Stay Close closes High and sadly, the recording career of The Blue Nile. The tempo is dropped, a drum machine, crystalline guitar and washes of synths providing a melancholy backdrop for Paul’s vocal. He’s saved the best to last. It’s as if he knew this was farewell. Digging deep, he unleashes a soul-baring Magnus Opus. His vocal is needy as he pleads, “Stay Close to me.” However, he knows though, “you’ll go your own way.” You’re drawn into this scenario, feel and share Paul’s pain and heartache. He’s not giving up though, and delivers a heartachingly beautiful vocal on this heartbreaking paean. What a way for The Blue Nile to call time on their recording career?

Although The Blue Nile only recorded four albums in a twenty year period, it’s the quality of music that matters. These four albums were almost flawless. Certainly A Walk Across The Rooftop and Hats are classics. Peace At Last is probably the most underrated album in The Blue Nile’s back-catalogue. That brings us to High. 

Having not released an album for eight years. During that period, The Blue Nile had been living separate lives. P.J. and Robert were living in the West End of Glasgow, while Paul lived a nomadic existence, flitting between Hollywood, Europe and Glasgow. He’d been involved in some high profile relationships, and by 2004, just when everyone thought The Blue Nile were no more, rose like a Phoenix from the ashes. They didn’t even have a record deal, so agreed a deal with Sanctuary Records to release High. It proved to be the most successful album of their career.

During the time they’d been away, The Blue Nile had matured as a band. Some people said they’d grownup. What had happened was life. Having been outside the bubble that was Blue Nile, P.J. and Robert had to get on with life. The Blue Nile was on a hiatus, maybe a permanent one. As for Paul, he was leading a very different life. This gave him the material for High. 

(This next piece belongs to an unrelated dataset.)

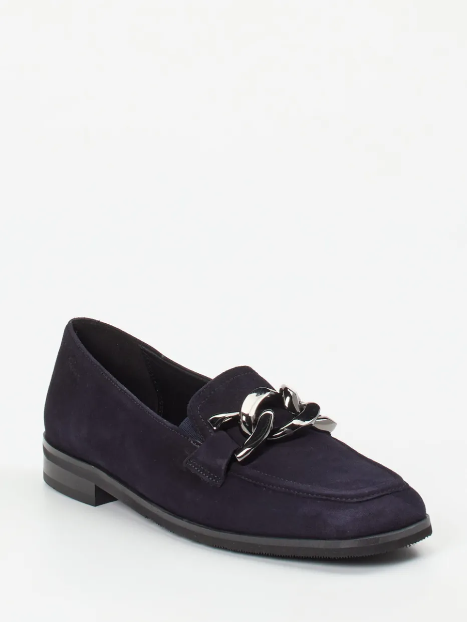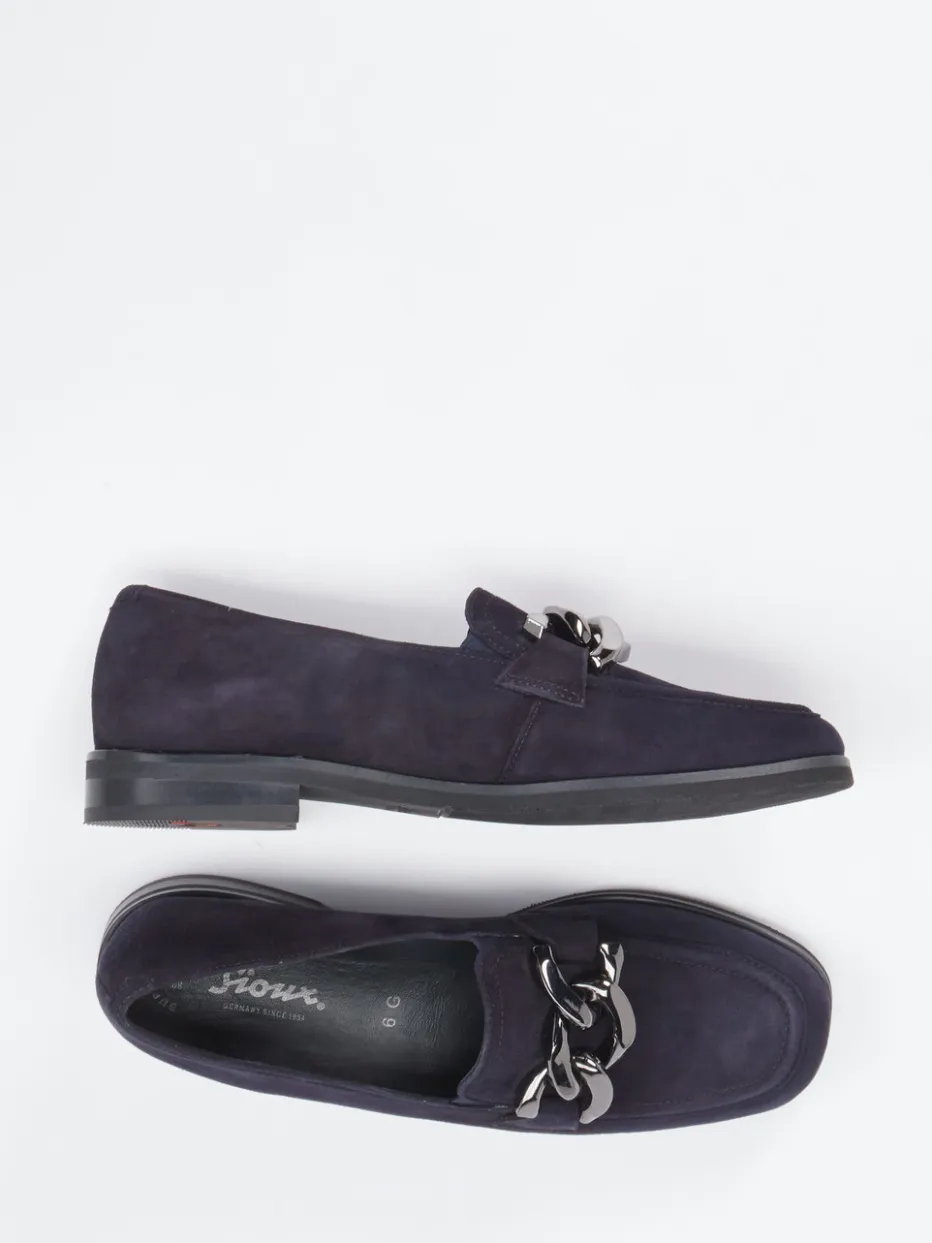 Eleganter Auftritt mit moderner Note.Sioux zeigt mit diesem Loafer für Damen eine stilvolle Interpretation des klassischen Slippers. Ideal für den Büroalltag oder smarte Freizeitkombinationen überzeugt das Modell aus nachtblauem Ziegen-Veloursleder mit samtig-matter Oberfläche. Die flache Silhouette auf Carrée-Leisten wird durch eine großgliedrige, silberfarbene Metallkette edel akzentuiert. Zwei Elasteinsätze erleichtern den Einstieg, während das gepolsterte Supersoft-Fußbett zusammen mit der flexiblen Gummisohle Komfort garantiert. Minimalistische Ästhetik trifft bei diesem Modell auf aktuelle „Quiet Luxury“-Strömungen. Ein souveräner Begleiter für vielseitige Business- und Casual-Looks mit charaktervollem Stil.

On the nine songs that comprise High, you’re drawn into the album’s lush, atmospheric sound. Having captured your attention, The Blue Nile don’t let go. Before long, the listener has fallen in love. They fall in love with music that’s hauntingly beautiful, emotive, dramatic and pensive. Much of this is thanks to peerless vocal performances of Glasgow’s very own Frank Sinatra, Paul Buchanan. He plays the role of the troubled troubadour, to a tee. His worldweary, emotive, heartfelt and impassioned vocal sounds as if it’s lived the lyrics he’s singing about. Lived them not just once, but several times over. Paul’s vocal adds soulfulness to an album that references Brian Eno, Kraftwerk, Tim Buckley, classic soul and seventies funk. The result is a compelling, innovative album, High. 

After High, people thought that The Blue Nile would return, possibly after another lengthy break. Sadly, that wasn’t to be. The Blue Nile were no more. At least they’d did things their way. Right up until the release of High, The Blue Nile were enigmatic, almost reclusive and publicity shy. The Blue Nile weren’t exactly your normal band. Not for them the rock “n” roll lifestyle favoured by other bands. In many ways, musical fashions and fads didn’t affect them. Their attitude was almost contrarian. Albums were recorded slowly and methodically as the Blue Nile strived for musical perfection. This wasn’t a group willing to jump onto a musical bandwagon in pursuit of fame, fortune or starlets. Quite the opposite. It seemed to be their way or no way in the pursuit of musical perfection. The Blue Nile achieved that perfection four times, and ended their career on a High. Standout Tracks: I Would Never, Because Of Toledo, She Saw The World and Stay Close.